James W. Fickett (SmithKline Beecham) reported progress in recognizing transcriptional regulatory regions from their context within a DNA sequence. In particular, he has devised a system that can discriminate among myotubulin-specific regulatory regions, other regulatory regions, and nonregulatory regions. This is an important step toward being able to infer possible functions of a newly discovered gene from its DNA sequence.
Thomas Werner (GMBH Institut für Säugetiergenetik) presented an - approach to identifying transcriptional control regions. Using two types of retroviral control regions (LTRs) as models, he showed that this robust technique found all known LTRs in the Primate division of GenBank (95 Mb) and identified five previously unknown LTRs. The false-positive rate was reported to be quite low.
Richard Mural (Oak Ridge National Laboratory) commented on the challenge of automated annotation of DNA sequences. As the analysis of genomes moves into large-scale sequencing, identification and annotation of biologically relevant features in the sequence become increasingly complex and important. Annotation must be updated continually, particularly in light of the rapid rate of new data acquisition. Ideas were discussed for new systems to provide a user-defined view of a DNA sequence as well as data-mining tools for complex querying of multiple data resources.

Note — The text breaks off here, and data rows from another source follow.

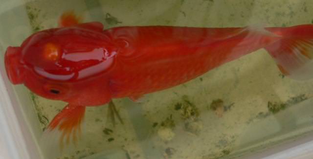 Op een andere vis in quarantaine na de loslatende shubben heeft en een heel erg dikke buik en hiervoor behandeld w.
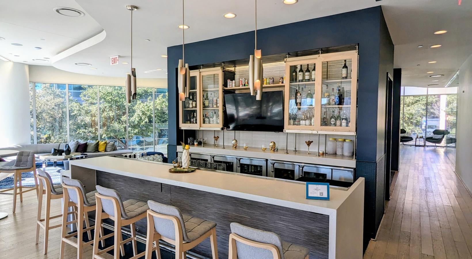 • a community kitchen with a bar and chairs
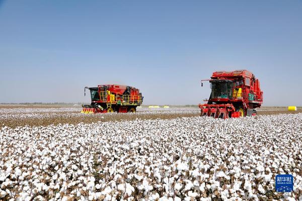在新疆巴音郭楞蒙古自治州尉犁縣興平鎮統其克村,兩臺國產采棉機在采收棉花(2022年9月30日攝)。新華社發(汪志鵬 攝)
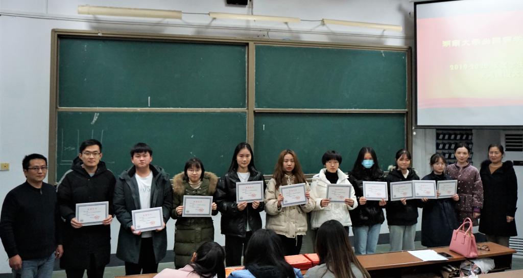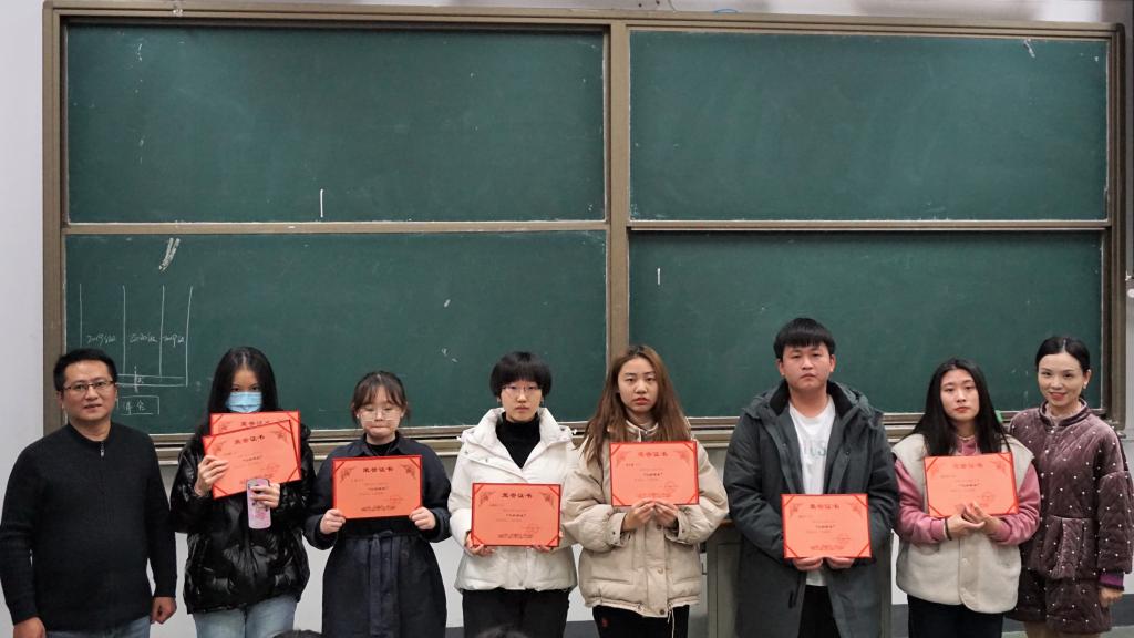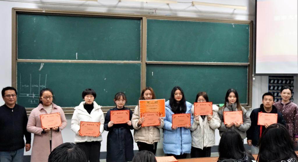 首先,唐伟主任宣读了获得综合奖和学习进步奖的学生名单,和向磊主任、戴杨副主任一起为获奖学生颁奖,并合影留念。

Among mammals, the mouse is clearly the model organism of choice for "surrogate" human genetics, and information resources for mouse genetics and developmental biology are critical. Martin Ringwold (Jackson Laboratory) reported work on the Gene Expression Database. This database not only contains information on the expression of various mouse genes but also is being linked to a mouse-anatomy database that will allow the user to follow gene expression through the course of development.
The accumulating data from a number of other model organisms are providing new insights into genome structure and function. With nearly half of its 100-Mb genome sequenced, the nematode Caenorhabditis elegans is becoming increasingly important for gene discovery. Steven Jones (Sanger Centre) presented some results of gene prediction in the C. elegans genomic sequencing project. The project has identified about 9700 proteins, 46% of which clearly are related to proteins already in public sequence databases.

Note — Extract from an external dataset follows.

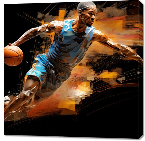 Obraz z serii abstrakcja zatytułowany Przełomowy Drybling. Na tym dynamicznym obrazie sportowiec w akcji wykonuje widowiskowy manewr na boisku do koszykówki. Jego sylwetka, uchwycona w pełnym ruchu, jest stylizowana na kolaż geometrycznych kształtów i energetycznych pociągnięć, które tworzą wrażenie szybkości i mocy. Kontrastujące, ciepłe barwy podkreślają ekspresję i intensywność momentu, a złamane linie i rozbryzgi dodają wizualnego napięcia. Ten obraz to hołd dla pasji i emocji towarzyszących sportowej rywalizacji, idealny dla każdego miłośnika koszykówki i dynamicznego, współczesnego designu.
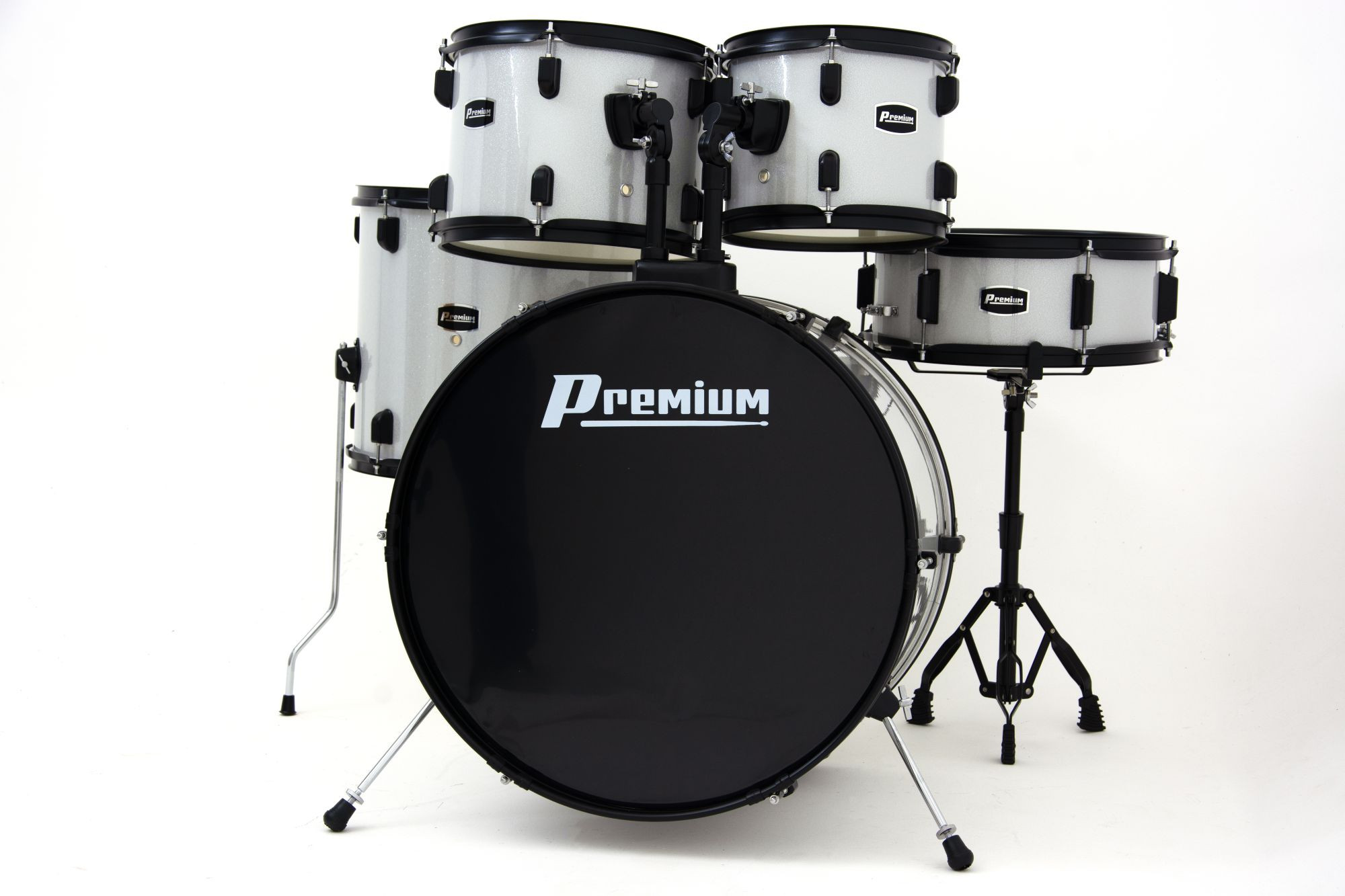 A bateria Premium DX422 combina design sofisticado e acabamento impecável com sonoridade marcante, proporcionando uma experiência musical .Possui ferragens em preto fosco que unem resistência e estilo, acompanha banco e pratos.

Because of its small genome size and the compact nature of its genes, the puffer fish Fugu rubripes is another important model organism. Greg Elgar (HGMP Resource Centre) described the Fugu Landmark Mapping Project, which aims to sample sequence 1000 Fugu cosmids to provide resources for a number of different applications, including gene identification. Some physical linkage data also are expected to come out of this project because of the likelihood of finding more than one Fugu gene per cosmid clone. Nearly 200 Fugu cosmids have been scanned.
Learning the patterns of gene expression is a necessary first step to understanding gene function and interaction. C. elegans is particularly well suited to studying gene-expression patterns - because the animal develops rapidly and the fates of all its cells have been mapped. Donna Albertson (Lawrence Berkeley National Laboratory) reviewed a preliminary study in which the expression pattern of nearly 200 C. elegans genes was examined using FISH on whole animals. Petra Ross-Macdonald (Yale University) described an approach for yeast that determines when a gene is expressed during the yeast life cycle, subcellular localization of the gene product, and the phenotypic effect of disrupting the gene. This technique is helping to determine functions of large numbers of yeast genes that have been identified by sequencing but have no relatives with known function in current databases.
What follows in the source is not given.